2.6. Literature Review WG
The Literature Review WG, coordinated by Donna Macmillan, presented an introduction to literature reviews, highlighting key differences between narrative review, systematic review, and systematic scoping or mapping reviews – and when each is appropriate. As the body of literature surrounding COVID-19 and its related AOs is large and increasing by the day, a pilot project focusing only on neurological outcomes related to COVID-19 was initiated. The project began by downloading all COVID-19 literature available in PubMed (86,075 papers as of January 2021). After filtering those containing neurological keywords, about 10,000 papers remained. These papers were manually screened using Sciome’s Swift-ActiveScreener, and if a paper’s title or abstract referred to the neurological impact of COVID-19, this paper was reserved, leaving about 2,000 papers. The next step for the WG is to fully assess each of these papers. Any paper matching the predetermined exclusion criteria (e.g., no primary data, no neurological outcomes reported) will be filtered out, and the final set of papers will be used to publish a systematic scoping review on the neurological effects of COVID-19. The protocol will be published in due course and may provide a useful starting point for other WGs to undertake similar systematic scoping reviews.
2.7. Multiscale Impact Rogues WG
The Multiscale Impact Rogues WG, led by Ann Lam and Elan Ohayon, reported the outcomes of its five meetings and of various satellite discussions in chronological order of the meetings. The foundational ideas were outlined at the January CIAO workshop. The term “rogues” was proposed to reflect an act of rebellion against a molecular-centric perspective in the AOP field and the narrow outlook in the pandemic response. This is reflected in the current definitional assignments of MIE, KE, KER, and temporal assignment of factors. Although some of these themes are also explored in the other WGs, the anchor point remained a molecular mechanistic description without spatial and “higher-level” factor centrality. The group mandate aims to (a) elucidate the multiscale factors of COVID-19 and future pandemics prevention, (b) uphold the central goal of having a direct impact on resilience and outcomes for individuals and society, and (c) evolve the AOP framework to achieve understanding and impact across levels and time.
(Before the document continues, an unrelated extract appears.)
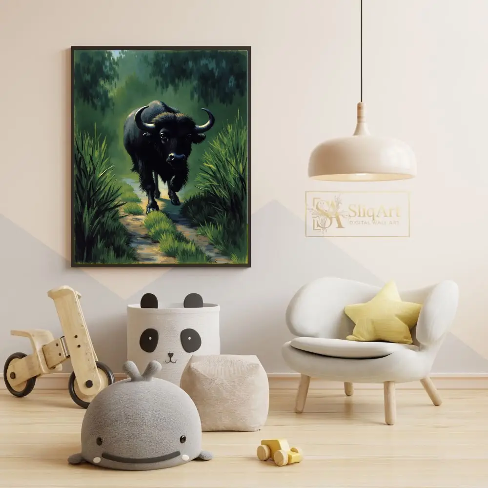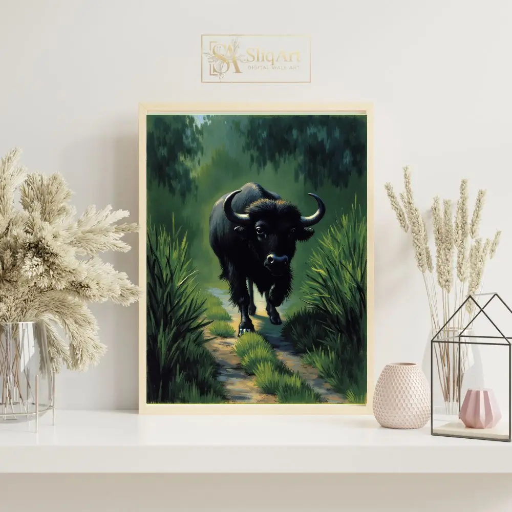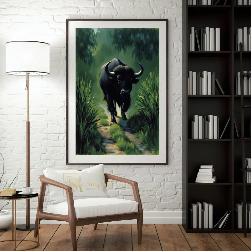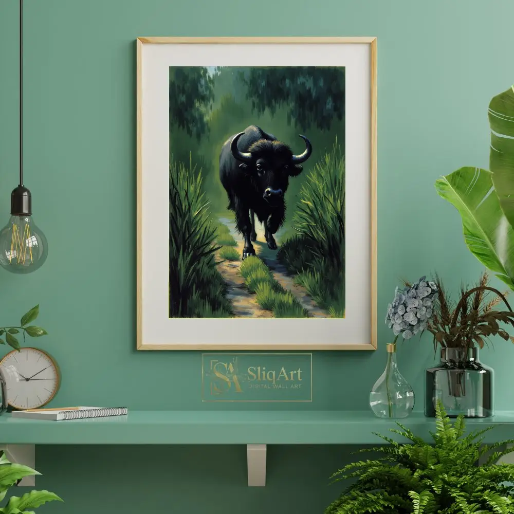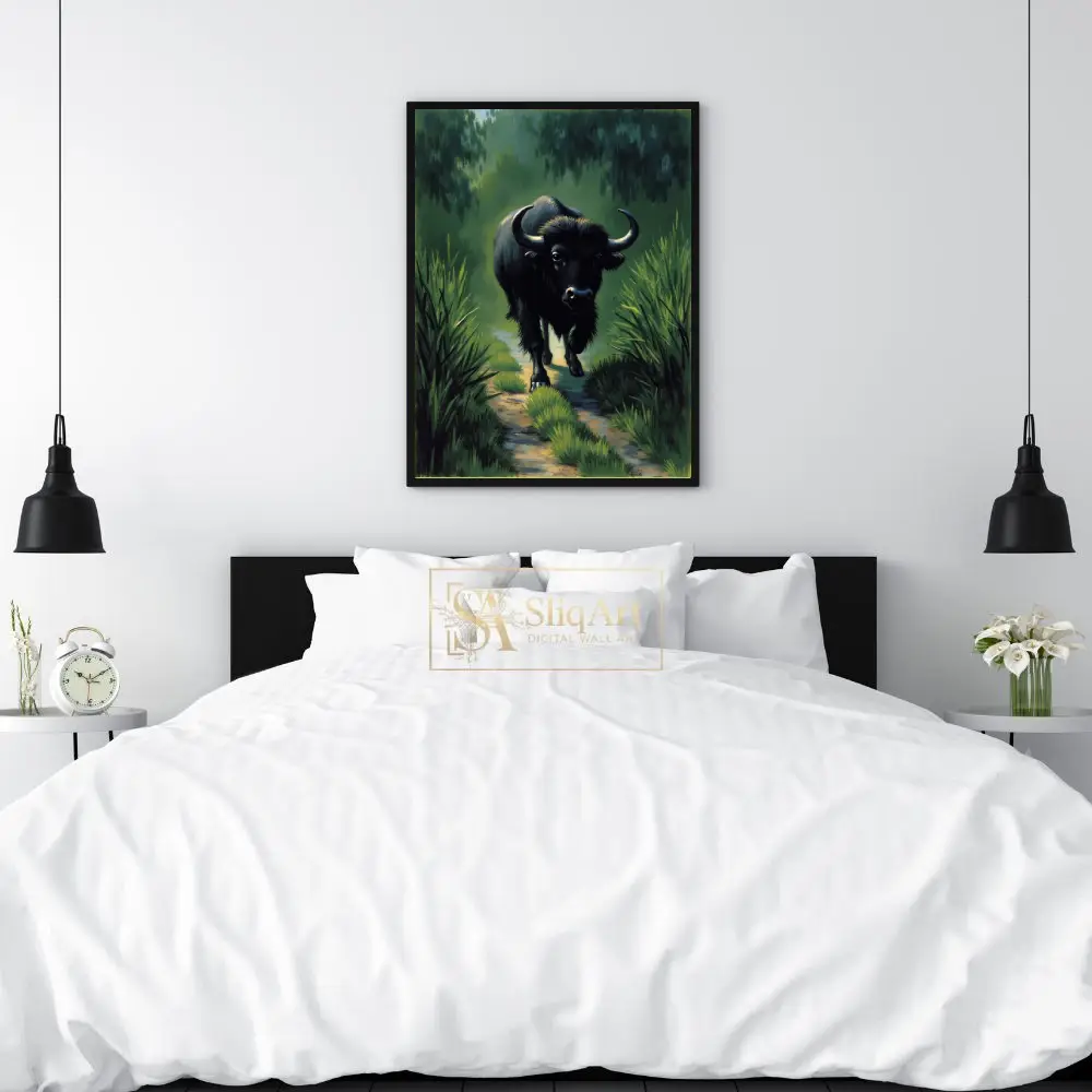 This striking artwork captures the commanding presence of a black buffalo as it moves steadily down a sun-dappled path. Surrounded by high reeds and a misty, deep green forest, the animal’s powerful silhouette is highlighted by textured brushstrokes that bring its fur and horns to life.

Collaborative investigations.
The first meeting (“What”) consisted of surveying KEs and factors beyond the traditional molecular pathways. Meeting #2 (“How”) focused on the evolution of the AOP framework and new forms of visualization. Meeting #3 (“Why”) was a return to the basic tenet that what matters most is actual world impact and the forwarding of solutions including the assembly of a COVID/Pandemic Survival Kit. All meetings included a participatory tour de table and the use of collaborative tools such as polling, drawing, and chat. A main outcome culminated in Meeting #4, where multiple factors and their potential interactions across scales were consolidated in a Multiscale Health Action Matrix (Fig. 5).
Fig. 5: The Multiscale Health Action Matrix was a collaborative effort by the Multiscale Impact WG to begin to chart the full range of spatiotemporal scales and factors that need to be considered to understand and respond to COVID-19 and future pandemics.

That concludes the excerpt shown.